What is Feature Engineering?
Feature engineering is the process of selecting, transforming, and creating input variables (features) from raw data to improve a machine learning model's performance. It's the art and science of representing data in a way that helps models learn the right patterns.
Why It Matters
In classical ML, feature engineering often matters more than model choice — a simple model with great features beats a complex model with poor features. While deep learning and LLMs have automated some feature engineering (learning representations directly from raw data), the concept remains essential for tabular data, time series, and understanding how AI extracts signal from noise.
How It Works
Types of feature engineering:
1. Feature selection:
- Choose which raw features to include
- Remove irrelevant, redundant, or noisy features
- Methods: correlation analysis, mutual information, recursive feature elimination
2. Feature transformation:
- Scaling — normalize features to similar ranges (StandardScaler, MinMaxScaler)

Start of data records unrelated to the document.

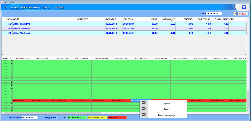The reception program allows the entire guest to keep track of the booking, arrival and accommodation, debits, and billing.
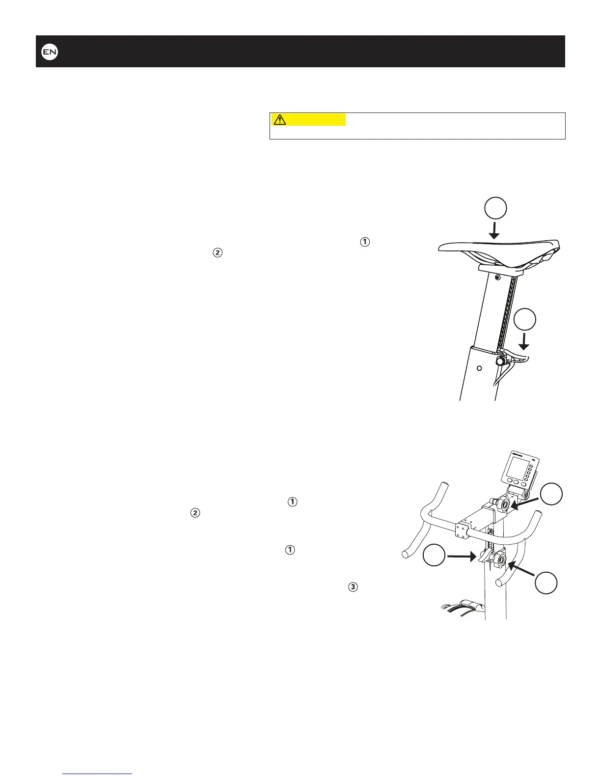 • To raise the handlebars: Loosen the adjustment knob and pull upwards to
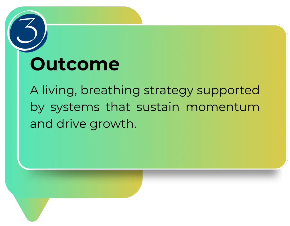 Our methodology bridges that gap. We don’t just design strategy; we build the discipline, accountability, and culture that drive results long after the planning session ends.
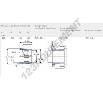 Le Manchon, connu sous la référence AOH2344-SKF SKF, possède un diamètre intérieur de 200 mm, un diamètre extérieur de 220 mm et une épaisseur de 181 mm.
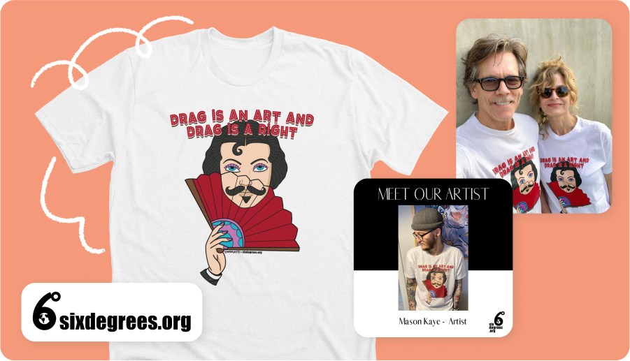This Pride Month, SixDegrees is standing up and speaking out against Drag bans and anti-LGBTQ+ policy. “Drag is a centuries old art form, and it is at the heart of the queer community because it is a celebration of their joy and their history. As of May of 2023, politicians across the country had introduced over 450 anti-LGBTQ bills overwhelmingly targeting trans youth.” The design for this campaign was created by trans artist and activist, Mason Kaye.
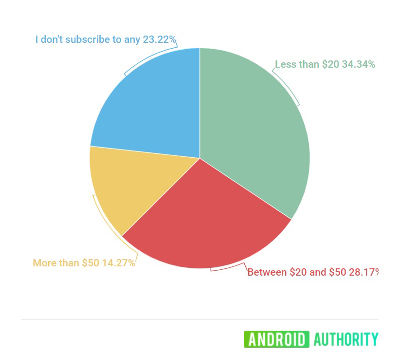 It appears the largest chunk of our readers who took this poll keep their spending in check. Nearly 35% of responders spend less than $20 each month on streaming. Meanwhile, the next-largest chunk spends somewhere between $20 and $50 each month on streaming services, while only about 15% spend over $50 each month.
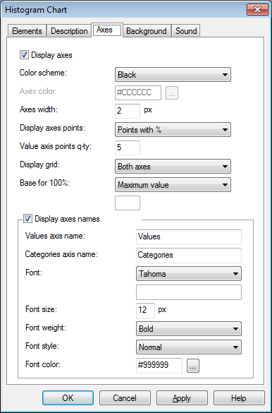من خلال الخيار الأول في التبويب "محاور" يمكن إيقاف عرض المحاور أو القيم التي يشكلها كل مستوى ضمن مخطط الرسم البياني أو إظهارها، ويمكن أيضاً تخصيص التنسيق ليتناسب مع ألوان الكائن.
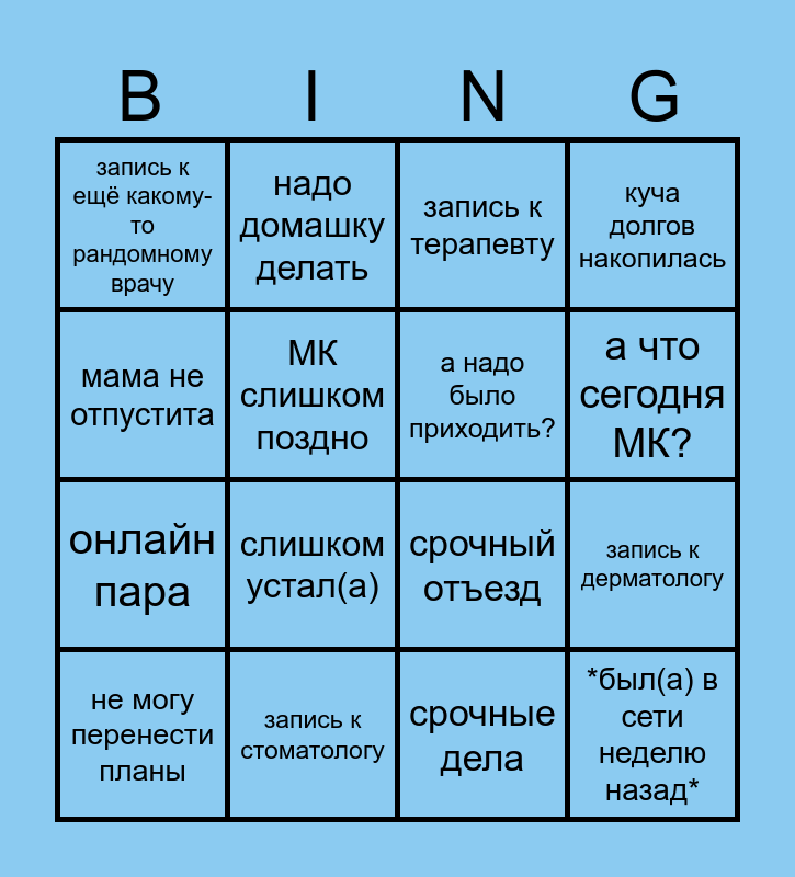 This bingo card has 16 words: запись к стоматологу, запись к дерматологу, запись к терапевту, запись к ещё какому-то рандомному врачу, онлайн пара, надо домашку делать, срочный отъезд, срочные дела, мама не отпустита, МК слишком поздно, не могу перенести планы, куча долгов накопилась, слишком устал(а), а что сегодня МК?, а надо было приходить? and *был(а) в сети неделю назад*.
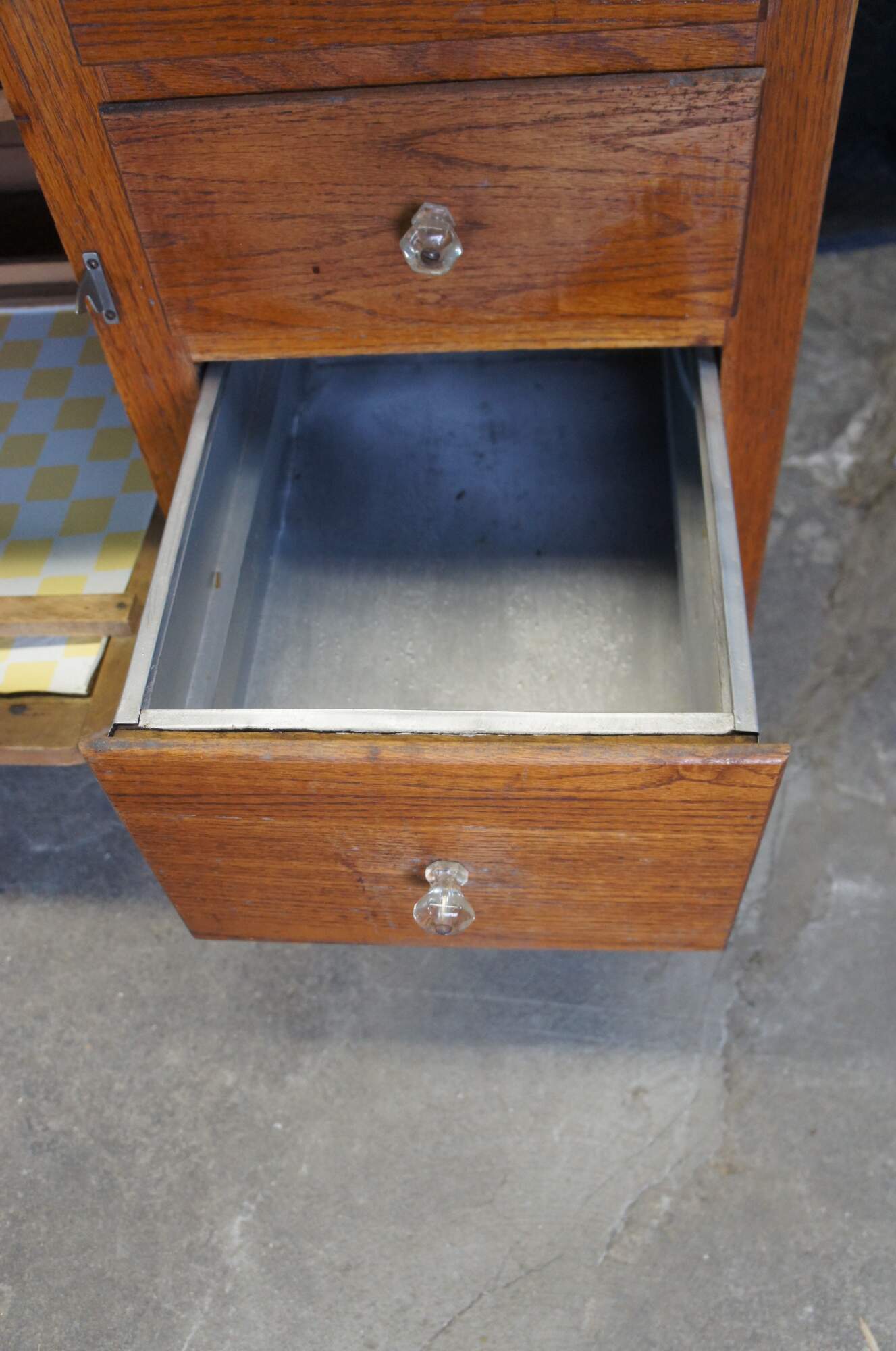 This beautiful example is made out of Amber Oak and has an enameled pullout with tambour door, in addition to multiple drawers, cabinets and pull out storage trays.
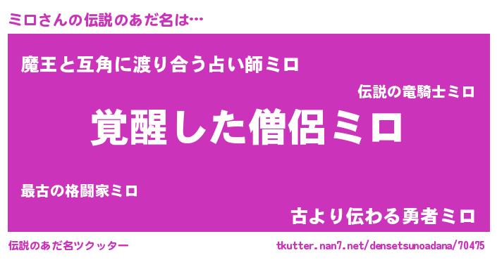 | ヒーロー風カッコイイあだ名 | 『炎刃騎士ミロ』『慈愛の使者ミロ』 |
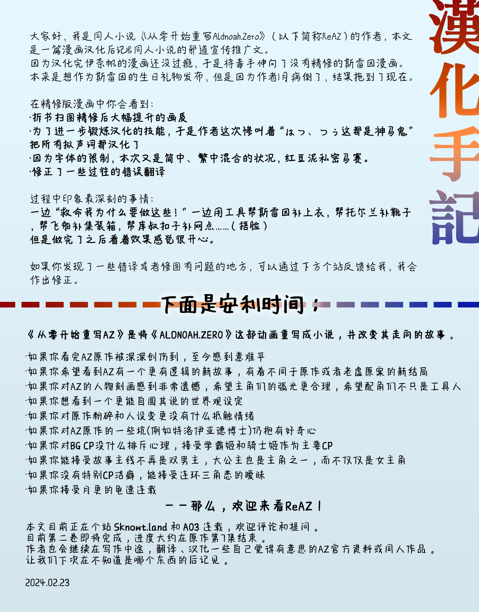 校对君您好!首先非常感谢您在漫画汉化过程中的参与和付出!以及抱歉直到今天才在闲逛的时候看见了您的回复,果咩。
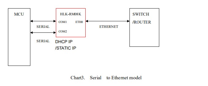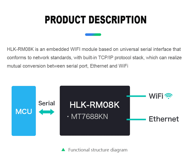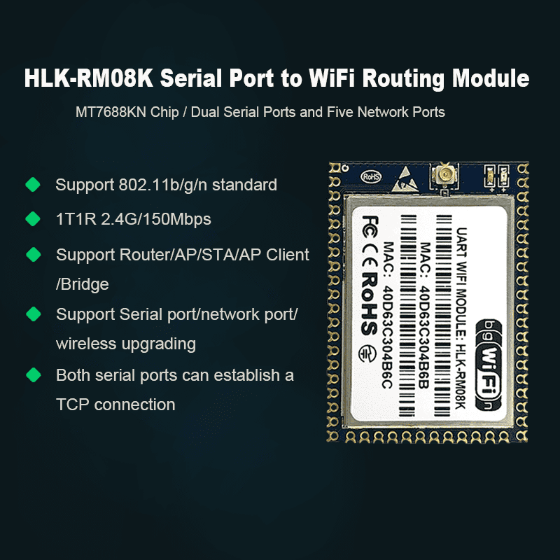 HLK-RM08K is a new low-cost embedded UART-ETH-WIFI module (serial port - Ethernet - Wireless network) developed by Shenzhen Hi-Link co., Ltd This product is an embedded module based on the universal serial interface network standard, built-in TCP / IP protocol stack, enabling the user serial port, Ethernet, wireless network (wifi) interface between the conversions. Through the HLK-RM08K module, the traditional serial devices do not need to change any configuration; data can be transmitted through the Internet network. Provide a quick solution for the user’s serial devices to transfer data via Ethernet.
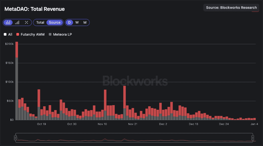 Die Gebühren fließen vollständig an MetaDAO, nachdem die ursprüngliche Teilung mit Projektteams zugunsten des Protokolls angepasst wurde.
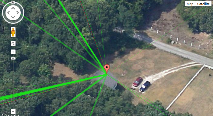 The picture shows that a location that is about 25 feet from the house in the ~North~ direction will be better able to take advantage of the clear area of the trees in the South West direction toward Washington.
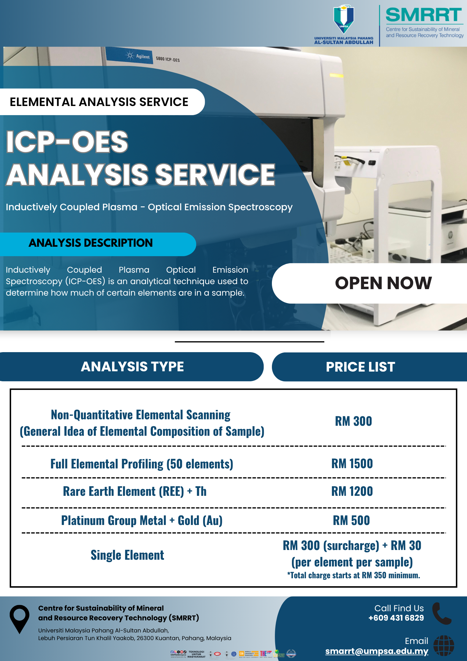 Sukacita dimaklumkan, Pusat SMaRRT kini menawarkan pemprofilan tanah menggunakan teknologi ICP-OES untuk membantu anda dalam penyelidikan, pertanian, dan pemantauan alam sekitar.
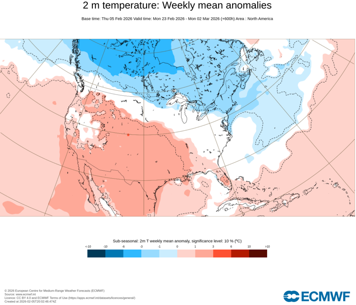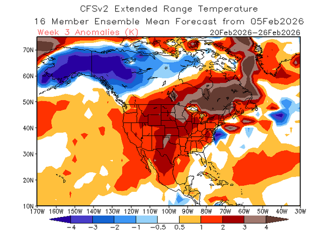 That map is exactly why predicting snow in a seasonal forecast is very difficult. Temps and precip patterns are generally easier. During La Nina, the west end of the state normally finds its way into snowfall. During weak La Nina's w/ a -QBO, the east end of the state often finds its way into normal snowfall(or above) with very cold temps. Ice hit the middle of the state. Whether we like the frozen precip types or not....the state has seen plenty of frozen precip. Many places are out of salt. Been a pretty brutal stretch of winter for most in the forum(not all). What has been interesting this winter is to see the MJO really not play a bigger role. HL blocking and the EPO have ruled the roost so far. The big losers in the snow sweepstakes(and this can flip on a dime) so far have been portions of the Sierra Nevada and a good portion of the Rockies. Canada actually has done well north of Seattle. I bet if one pulled out a drought map, that map above would likely match it. Drought begets drought. Middle TN had drought for a good part of summer and fall. NE TN finally found some snow after several winters of watching others get snow, and a lot of it. We didn't experience the long term drought which others have had. We had some rain this fall, and that is often a harbinger of where snow will fall during winter. I do think we are slowly going to climb out of this pattern(trough east...ridge west) as February progress. I think we see warm weather next week(though maybe less warm than originally modeled), and then maybe one last parting cold shot(and maybe very cold) at the end of February and into early March. Modeling has this to some degree, and LC has mentioned it as well (has the hot hand). The Euro Weeklies are not warm for March...and many of us will be ready for spring. LC says the pattern should flip pretty quickly during March to warm. The Weeklies aren't quite on board with that yet.
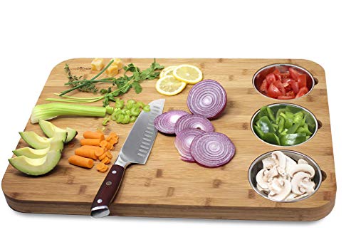 A chef knife is attached so that it can be used in a chopping motion. * Made of polypropylene. * It is removable for cleaning and sharpening. * THe 16" x 12" board is mounted on four suction cup feet. * Three stainless steel spikes for securing foods are conveniently located on the board. * Food guard airds with spreads.* Dishwasher safe. Clever Cutter 2-in-1 Knife & Cutting Board- Quickly Chops Your Favorite Fruits, Vegetables, Meats, Cheeses & More in Second, Replace your Kitchen Knives and Cutting Boards 2,596 $24 99 Get it Wed, Nov 10 - Wed, Nov 17 FREE Shipping More Buying Choices $19.99 (7 new offers) Drop-in cutting boards used to be relatively common in the '60s and '70s, but their popularity waned as people found that they wore out quickly with use. Enter the integrated butcher block, the drop-in's bigger, badder cousin. It, too, can sit flush with the rest of your countertop. But it won't show wear as easily. SILENCIO Natural Bamboo Wood Chopping Cutting Board With Knife Set for Kitchen Vegetables, Fruits & Cheese, BPA Free, Eco-Friendly, Anti-Microbial Chopping Board for Kitchen (Chopping Board With Knife Set) 4.0 out of 5 stars 85
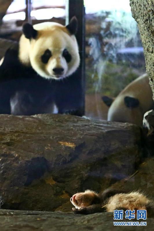 A panda cub is seen at animal park Pairi Daiza in Belgium on August 8, 2016. The adorable giant panda cub made his public debut on August 6. The healthy male cub was born two months ago following a successful mating programme between six-year-old Hao Hao and her mate Xing Hui. Hao Hao and Xing Hui are a pair of giant pandas given on loan by the Chinese authorities in February 2014 to Pairi Daiza for 15 years. (Photo/Xinhua)
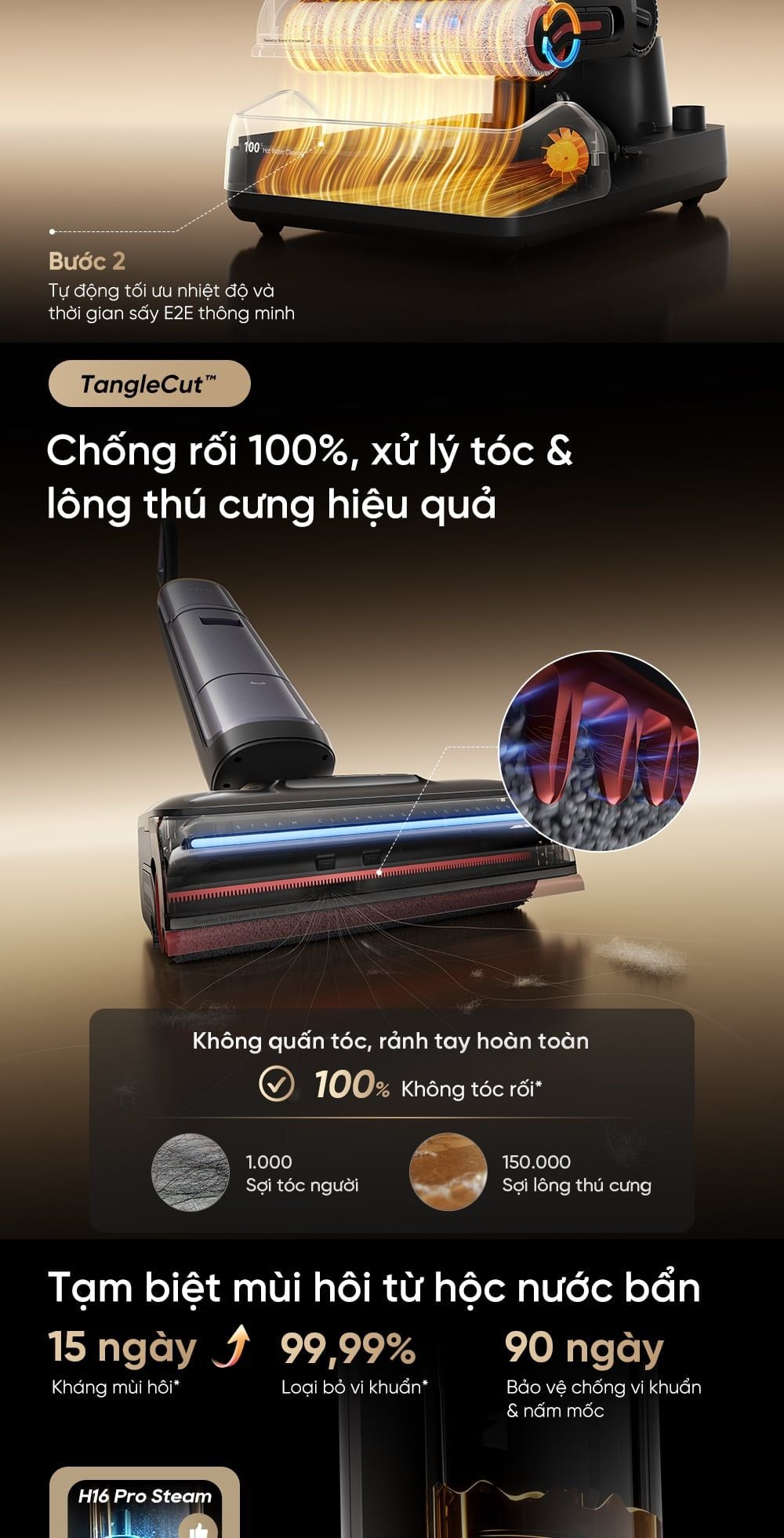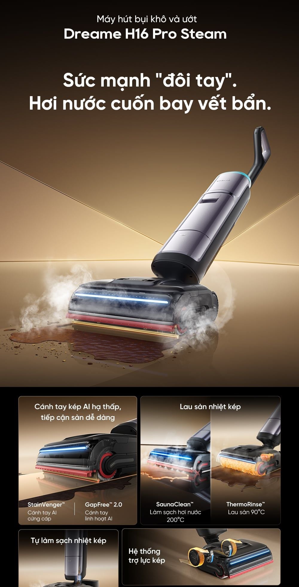 - Làm sạch chính xác, điều chỉnh dung dịch thông minh: H16 Pro Steam tự động pha dung dịch và chỉnh lực hút phù hợp – nhẹ nhàng với vết bẩn thường, mạnh mẽ với vết dầu mỡ.

- Log transform — handle skewed distributions (income, prices)
- Encoding — convert categorical variables to numbers (one-hot encoding, label encoding)
- Binning — group continuous values into categories
3. Feature creation:
- Combine existing features: price_per_sqm = price / area
- Extract from dates: day_of_week, is_weekend, month
- Text features: word count, sentiment score, TF-IDF
- Aggregations: average_purchase_last_30_days, total_logins
4. Domain-specific features:
- Finance: moving averages, volatility, RSI
- NLP: n-grams, POS tags, named entities
- Computer vision: HOG, SIFT, edge histograms (before deep learning)
- Time series: lag features, rolling statistics, Fourier components
Deep learning and feature engineering:
- Neural networks learn features automatically (representation learning)
- Convolutional layers learn image features; transformer layers learn text features
- This reduced (but didn't eliminate) the need for manual feature engineering
- Tabular data still benefits significantly from manual feature engineering
Feature stores:
- Centralized systems for storing, versioning, and serving features
- Ensures consistency between training and inference
- Tools: Feast, Tecton, Vertex AI Feature Store
Example
Predicting house prices from raw data: a good feature engineer creates distance_to_city_center from coordinates, price_per_sqm from price and area, property_age from build_year and current_year, and neighborhood_avg_price from aggregating nearby sales. These engineered features capture relationships the model might struggle to learn from raw numbers alone.